Let your providers know when your health insurance company won’t be paying for your services, too. Some medical offices offer reduced rates for patients paying out of pocket, so it always pays to speak up and see if you can negotiate a lower price.
What if I already have medical debt?
Padding your savings and being savvy about costs will help you avoid accruing medical debt. But if you’re already in debt, you’ll have to take some additional steps.
The first thing you should do is negotiate with your providers. You can do this on your own or with the help of a debt settlement company — or even a lawyer. See if you can work out a reasonable repayment plan.
If you can’t, you may have no choice but to file for bankruptcy. A bankruptcy will stay on your record for many years, making borrowing difficult.
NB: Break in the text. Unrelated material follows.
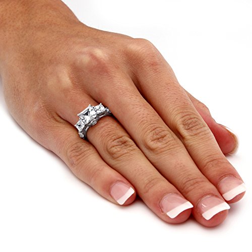 -. Title : Platinum over Sterling Silver Princess Cut Created White Sapphire 3-Stone Ring
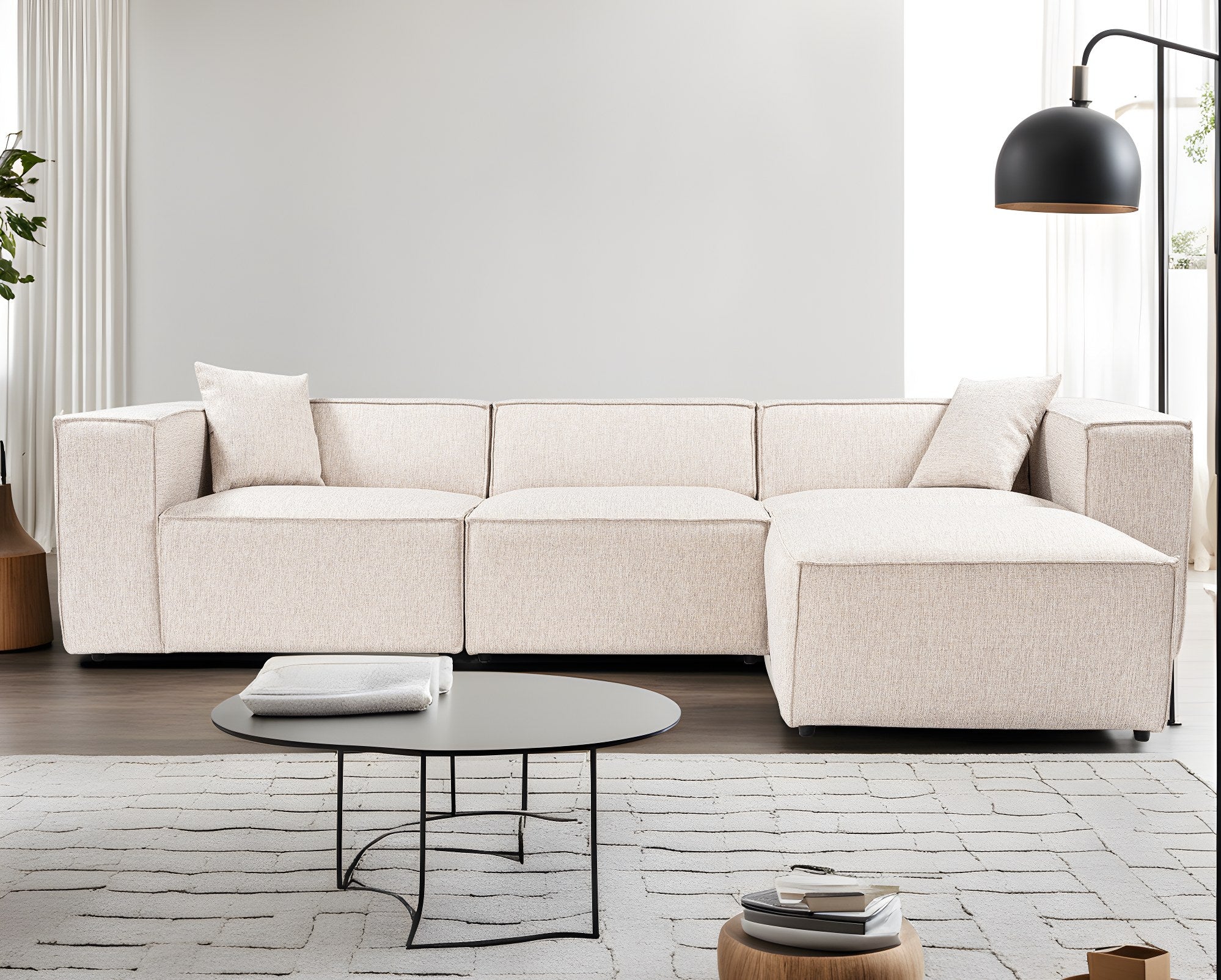 Unparalleled comfort and durabilityOur corner sofa has been made with extreme precision and has a sturdy frame of 100% hornbeam, which guarantees sustainability and stability for a long time. Bag away in the plush pillows, filled with 32 DNS foam, which offer unparalleled comfort and support. The seat height of 40 cm and sitting depth of 74 cm ensure the perfect balance between relaxation and posture.

But if you can’t pay your medical bills, it may be the best solution.
There are two types of bankruptcy — Chapter 7 and Chapter 11. Chapter 7 is a liquidation, so your assets are sold off to pay your creditors. Chapter 11 is a reorganization of your debts. This might allow you to retain more of your assets while tackling the problem at hand. It’s easier to qualify for Chapter 11 because it doesn’t require you to pass the means test. It also has the benefit of staying on your credit record for less time.
Unfortunately, credit reports don’t distinguish between bankruptcies caused by overspending and those brought on by medical debt, even though the latter is often out of people’s control. That’s why it pays to negotiate a settlement or repayment plan before going the bankruptcy route.
Medical issues are often unavoidable, but you don’t have to land in serious debt because of them. Be smart about boosting your savings to avoid healthcare debt, and be a savvy patient to keep your costs down. If it’s too late for that, don’t rush into bankruptcy before exploring other options.
Be smart about medical debt, and you can keep it from having a long-lasting effect on your life.